WHAT IS NEEDED:
Every line of the listing should be retyped exactly, but none of the pictures should be.

GIVEN INFORMATION:

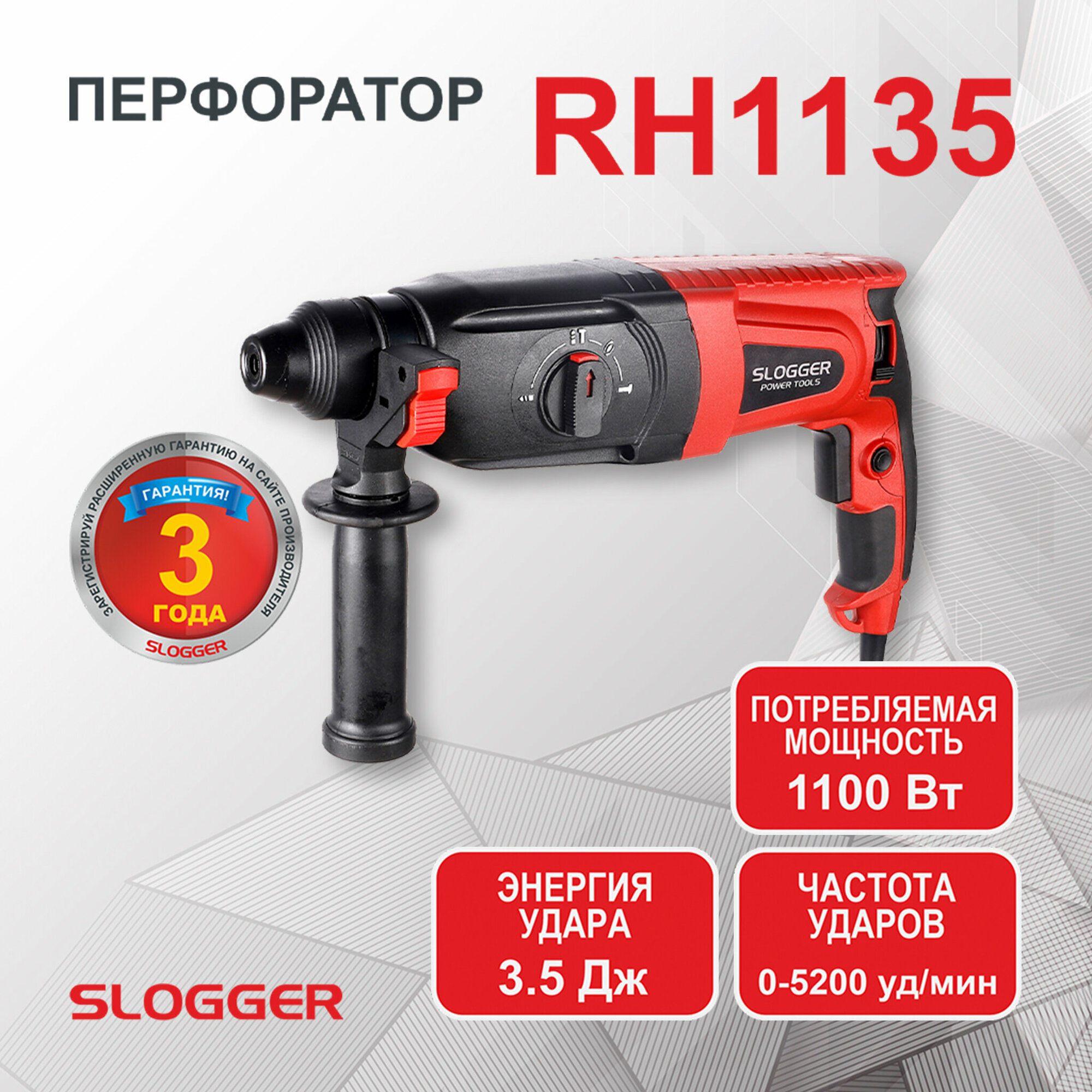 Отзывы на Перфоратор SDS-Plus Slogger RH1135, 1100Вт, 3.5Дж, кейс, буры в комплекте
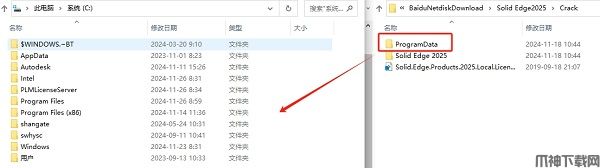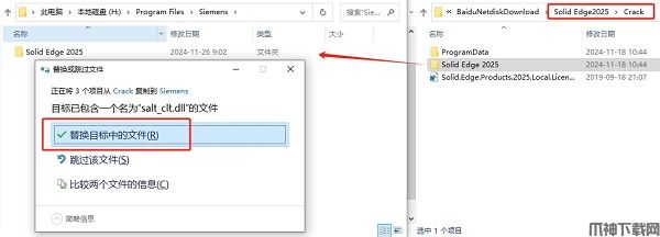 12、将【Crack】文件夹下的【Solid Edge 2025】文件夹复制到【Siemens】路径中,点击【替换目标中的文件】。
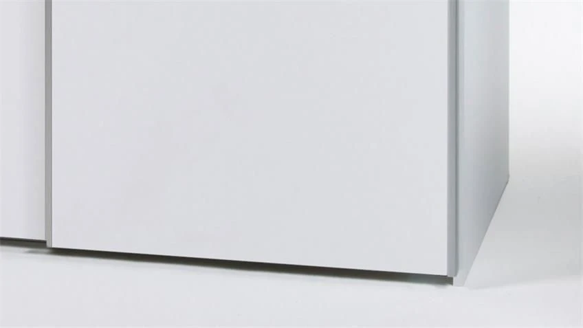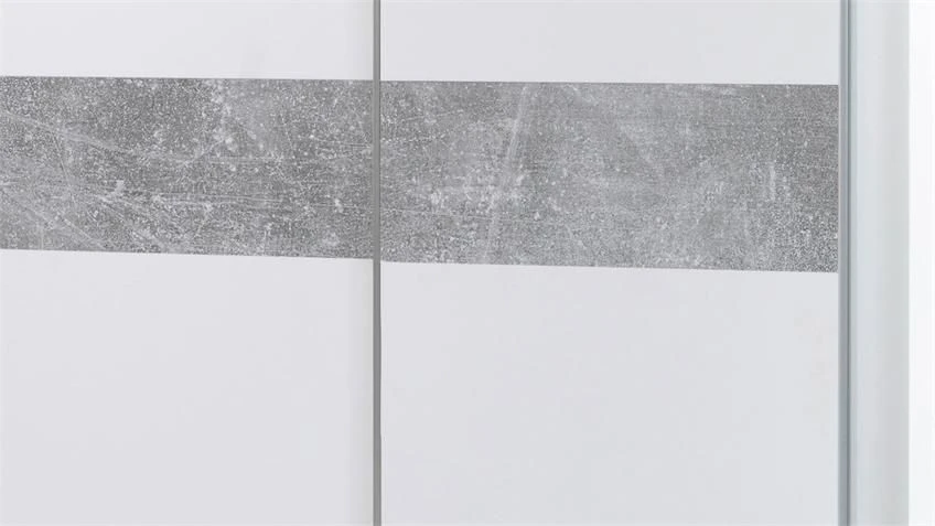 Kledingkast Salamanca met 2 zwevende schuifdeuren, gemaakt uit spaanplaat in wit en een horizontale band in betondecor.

PROBLEM SOLUTION:
 Отзывы на Перфоратор SDS-Plus Slogger RH1135, 1100Вт, 3.5Дж, кейс, буры в комплекте
 12、将【Crack】文件夹下的【Solid Edge 2025】文件夹复制到【Siemens】路径中,点击【替换目标中的文件】。
 Kledingkast Salamanca met 2 zwevende schuifdeuren, gemaakt uit spaanplaat in wit en een horizontale band in betondecor.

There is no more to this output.